Merespon hal tersebut Ahmad Dahlan mulai mendirikan sekolah-sekolah Islam modern yang pelajaranya bukan hanya tentang keagamaan saja, melainkan juga pelajaran-pelajaran umum. Dalam berjalannya waktu, peran sentral Muhammadiyah semakin mengakar serta pandangan-padangan pembaharuan yang dilakukan oleh Muhammadiyah berkesesuaian dengan arah moderintas.
Menurut Nico J.G Kapten (2004), perkembangan otoritas keagamaan di Indonesia yang awalnya dimiliki dan digerakkan secara personal/individu (ulama), yang merujuk kepada fatwa-fatwa ulama di Timur Tengah (Mekkah). Selanjutnya, setelah umat muslim mengenal budaya baca dan tulisan yang diwadahi oleh percetakan, otoritas keagamaan bukan lagi hanya dimiliki oleh individu, tapi berubah kearah otoritas kolektif.

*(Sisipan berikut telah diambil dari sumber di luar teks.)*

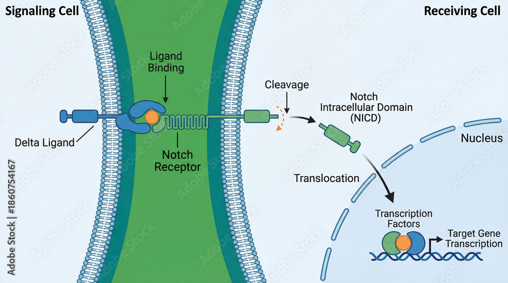 Notch receptor activation in cell signaling pathway with ligand binding at the membrane, proteolytic cleavage releasing the intracellular domain and its nuclear translocation for gene transcription; s #1860754167

Otoritas keagamaan yang awalnya dipegang oleh ulama yang memiliki kredibilitas dan kapabilitas yang didapatkan melalui belajar secara mendalam tentang ilmu-ilmu keagamaan di pesantren atau lembaga-lembaga pendidikan, namun kemudian ukuran tersebut mejadi ‘kabur’. Karena umat bukan lagi meminta atau mendengarkan fatwa “mereka” yang memiliki kedalaman ilmu dan telah melalui proses untuk mendapatkan ijazah tersebut. Umat lebih memilih fatwa yang diproduksi ‘media sosial’nya.
Untuk membedakan jenis otoritas keagamaan ini, Nico J.G Kapten membedakannya menjadi dua. Yakni, pertama, otoritas keagamaan tradisional, yaitu ulama yang secara khusus belajar ilmu-ilmu melalui lembaga pendidikan yang berada dan tinggal di Timur Tengah.Kedua, otoritas keagamaan modern yang diwakili oleh ulama-ulama lokal yang memproduksi fatwa secara kolektif yang disebarkan melalui majalah atau media cetak lainnya.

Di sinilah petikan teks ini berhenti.